Choi Won Bok, Seo Seung Hyeon, Yoo Woo Hyun, Kim Su Young, Kwak Min Jung
Department of Pediatrics, Pusan National University Hospital, Pusan National University School of Medicine, Busan, Korea.
Department of Pediatrics, Pusan National University Children's Hospital, Pusan National University School of Medicine, Yangsan, Korea.
Ann Pediatr Endocrinol Metab. 2015 Sep;20(3):162-5. doi: 10.6065/apem.2015.20.3.162. Epub 2015 Sep 30.
Leri-Weill dyschondrosteosis is characterized by SHOX deficiency, Madelung deformity, and mesomelic short stature. In addition, SHOX deficiency is associated with idiopathic short stature, Turner syndrome, and Langer mesomelic dysplasia. We report the first case of a Leri-Weill dyschondrosteosis patient confirmed by SHOX gene mutation analysis in Korea. The patient, who was a 7-year-old female, showed short stature. Her height and weight were 108.9 cm (<3rd percentile) and 19.7 kg (5th-10th percentile), respectively. Her arm span, height of trunk, leg length, and sitting length were 100.5 cm, 58 cm, 50.9 cm, and 62.5 cm, respectively. Her body proportion was 1.13:1. Extremities to trunk ratio was 2.61. Her hand radiograph showed Madelung deformity. And the growth hormone stimulation test showed a normal response. Furthermore, because of Madelung deformity with idiopathic short stature, she was suspected of SHOX deficiency. We performed SHOX gene mutation analysis and found a c.491G>A (p.W164X) mutation of the SHOX gene. Accordingly, this patient was diagnosed with Leri-Weill dyschondrosteosis. Recently, many mutations have been reported in the SHOX gene. However, to date, mutation analysis of the SHOX gene for Leri-Weill dyschondrosteosis has not been reported in Korea as yet. We report the first case of a Leri-Weill dyschondrosteosis patient confirmed by mutation analysis of the SHOX gene.

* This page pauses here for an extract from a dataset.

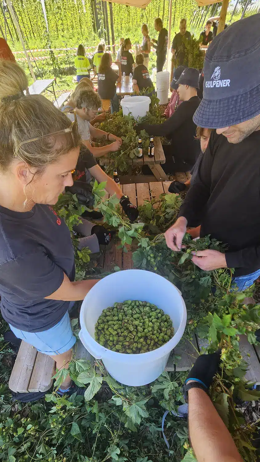 Een samenwerking tussen Salt en de Gulpener Bierbrouwerij die hun ver-rúkke-lijke bieren brouwen in het meest duurzame brouwhuis van Europa. Met gerst en granen van boeren op fietsafstand, water uit eigen bron en hop uit het dorp verderop. September is de maand dat deze hop geplukt moet worden, en dat deed het familiebedrijf, dat volgend jaar 200 jaar bestaat, samen met hun ‘Vrunden’ én dit jaar ook met 15 Salt-leden.

莱里-韦尔软骨发育不全症的特征是矮小同源盒基因(SHOX)缺乏、马德隆畸形和中肢短小身材。此外,SHOX缺乏与特发性矮小症、特纳综合征和朗格中肢发育不良有关。我们报告了韩国首例经SHOX基因突变分析确诊的莱里-韦尔软骨发育不全症患者。该患者为一名7岁女性,身材矮小。她的身高和体重分别为108.9厘米(低于第3百分位数)和19.7千克(第5至第10百分位数)。她的臂展、躯干高度、腿长和坐高分别为100.5厘米、58厘米、50.9厘米和62.5厘米。她的身体比例为1.13:1。四肢与躯干的比例为2.61。她的手部X光片显示出马德隆畸形。生长激素刺激试验显示反应正常。此外,由于患有马德隆畸形和特发性矮小症,她被怀疑存在SHOX缺乏。我们进行了SHOX基因突变分析,发现SHOX基因存在c.491G>A(p.W164X)突变。因此,该患者被诊断为莱里-韦尔软骨发育不全症。最近,SHOX基因已报道了许多突变。然而,迄今为止,韩国尚未报道过针对莱里-韦尔软骨发育不全症的SHOX基因突变分析。我们报告了首例经SHOX基因突变分析确诊的莱里-韦尔软骨发育不全症患者。